A satellite is orbiting very close to a planet. Its periodic time depends only on

To solve the problem of determining what the periodic time of a satellite orbiting very close to a planet depends on, we can follow these steps: ### Step-by-Step Solution: 1. **Understand the Scenario**: - A satellite is orbiting very close to a planet. This means that the radius of the satellite's orbit is approximately equal to the radius of the planet. 2. **Identify Relevant Forces**: - The gravitational force acting on the satellite provides the necessary centripetal force for its circular motion.
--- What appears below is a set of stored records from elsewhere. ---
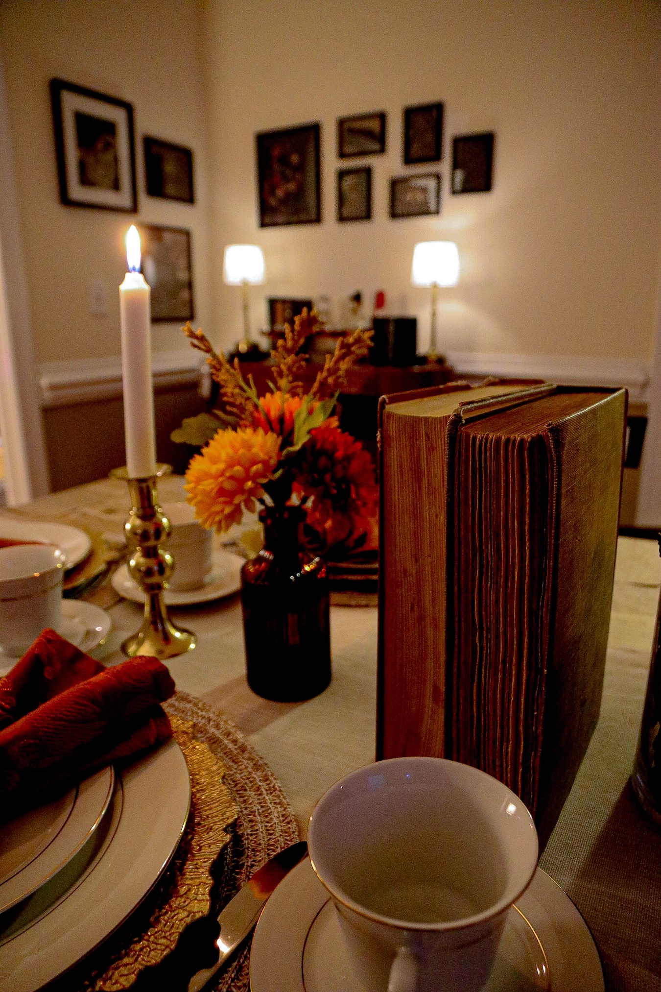 Unshockingly, a lot of my inspiration for the dark academia dinner party decor came from Pinterest. I wanted classic items that fit the the vibes while being timeless enough to work for future fall seasons. After creating a few mood boards and following a palette, my vision really came to life! One of my favorite touches are the page name cards for each dinner guest!
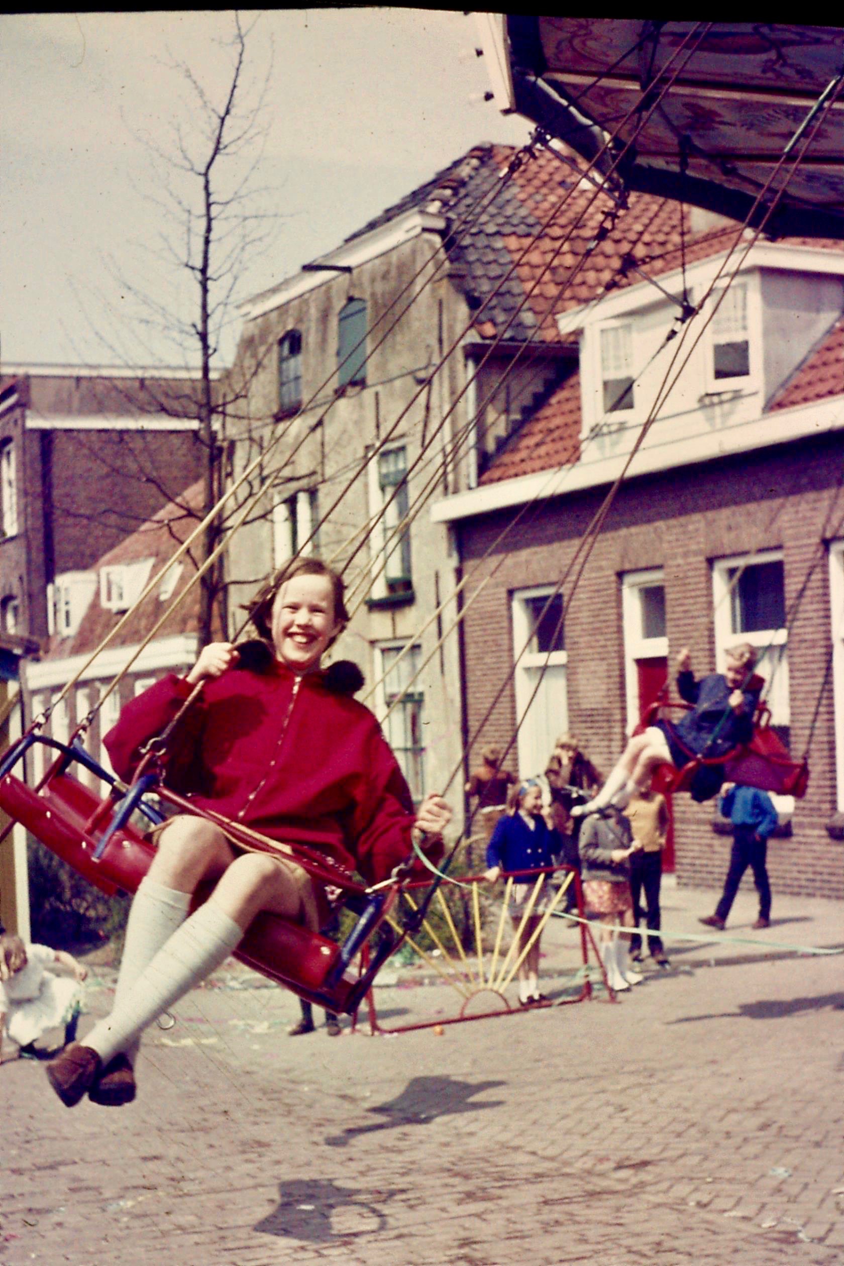 Ergens achter ons huis in het centrum van Weesp was een soort kermisje. Nou, dat is teveel gezegd. Er stonden wat toestellen ter verhoging van de feestvreugde. Volgens mij was het koninginnedag, mijn zus en ik waren die ochtend ook al verkleed geweest als bloemenmeisje of zo. Maar wat me die ruim halve eeuw-plus daarna nog is bijgebleven, is die andere ervaring.
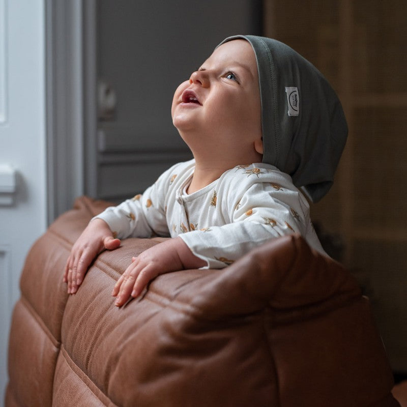 The Californian beanie is the little looze hat that will give your baby a little surf look; to wear as a birth cap or as a trendy accessory until 24 months.

The gravitational force can be expressed as: \[ F_g = \frac{G M_p M_s}{r^2} \] where \( G \) is the gravitational constant, \( M_p \) is the mass of the planet, \( M_s \) is the mass of the satellite, and \( r \) is the radius of the planet (approximately equal to the radius of the satellite's orbit). 3. **Centripetal Force Requirement**: - The centripetal force required for the satellite to maintain its circular orbit is given by: \[ F_c = \frac{M_s v^2}{r} \] - Setting the gravitational force equal to the centripetal force: \[ \frac{G M_p M_s}{r^2} = \frac{M_s v^2}{r} \] 4. **Canceling Mass of Satellite**: - We can cancel \( M_s \) from both sides (assuming \( M_s \neq 0 \)): \[ \frac{G M_p}{r^2} = \frac{v^2}{r} \] 5. **Rearranging for Velocity**: - Rearranging gives us: \[ v^2 = \frac{G M_p}{r} \] 6. **Relate Velocity to Angular Velocity**: - The relationship between linear velocity \( v \) and angular velocity \( \omega \) is: \[ v = r \omega \] - Substituting this into the equation gives: \[ (r \omega)^2 = \frac{G M_p}{r} \] - Simplifying leads to: \[ r^2 \omega^2 = \frac{G M_p}{r} \] \[ \omega^2 = \frac{G M_p}{r^3} \] 7. **Finding the Period**: - The period \( T \) of the satellite's orbit is related to angular velocity by: \[ T = \frac{2\pi}{\omega} \] - Substituting for \( \omega \): \[ T = 2\pi \sqrt{\frac{r^3}{G M_p}} \] 8. **Expressing Mass of the Planet**: - The mass of the planet can be expressed in terms of its density \( \rho \) and volume: \[ M_p = \rho \cdot \frac{4}{3} \pi r^3 \] - Substituting this into the period equation gives: \[ T = 2\pi \sqrt{\frac{r^3}{G \left(\rho \cdot \frac{4}{3} \pi r^3\right)}} \] - This simplifies to: \[ T = 2\pi \sqrt{\frac{3}{4\pi G \rho}} \] 9. **Conclusion**: - The periodic time \( T \) depends only on the density \( \rho \) of the planet and the gravitational constant \( G \). ### Final Answer: The periodic time of a satellite orbiting very close to a planet depends only on the density of the planet.